The Council of Aboriginal Women of South Australia was established in order to improve the socio-economic position of South Australian Aboriginal people. Gladys Elphick was the Council’s first President and worked tirelessly alongside many influential Aboriginal women trailblazers, (Betty Watson, Margaret Lawrie, Maude Tongerie, Lowitja O’Donoghue and Faith Thomas to name a few) in order to establish vital services within the community. The influences of these women lead to the establishment of Nunkuwarrin Yunti, Tauondi College, and the Aboriginal Legal Rights Movement.

Aunty Alice Dixon
Alice Dixon is a Kaurna woman, known throughout Australia and internationally for her untiring struggle to expose and stop the deaths of Aboriginal and Torres Strait Islander people in custody. Alice was a loving mother and grandmother of seven children.

In 1992, a tree was planted in Victoria Square/Tarntanyangga to honour her memory. As part of the redevelopment of Victoria Square / Tarntanyangga a new tree (SA blue gum) was planted at a ceremony in  on 8 December 2014. The tree is surrounded by a redgum seat with sculpted hands and a plaque.
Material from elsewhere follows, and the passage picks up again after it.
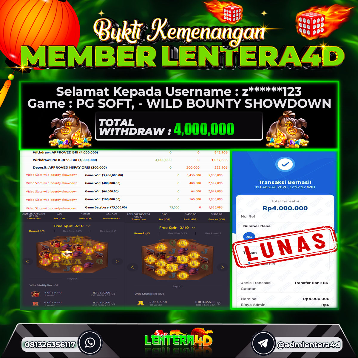 TOTAL KEMENANGAN : Rp. 4.000.000,-

Alice joined the National Committee to defend Black Rights (CDBR) in 1987. In 1989, Alice was elected to the National Executive of the CDBR. She represented CDBR at national and international conferences and as media spokesperson publicising continuing black deaths in custody and other injustices. Alice completed the University of New South Wales Diplomacy Training Program in order to monitor the human rights abuses of Aboriginal people and highlight their occurrences in the United Nations and other forums. 

Alice was motivated by a love for her people and humankind. Her commitment to unity and determination to stop others from suffering the same fate as her son motivated her work with everyone from the imprisoned to police officers.

Alice was named Aboriginal Woman of the Year in Adelaide. Her strength inspired countless people, black and white, to join the struggle for justice. Alice also worked with the SA Aboriginal Deaths in Custody Watch Committee.
In working with all people, including those responsible for the suffering of her family and people, she showed us the humanity in others.

Council's Community Development Grants provides funding support to Aboriginal and Torres Strait Islander and other groups and communities to convene reconciliation events and activities in the city.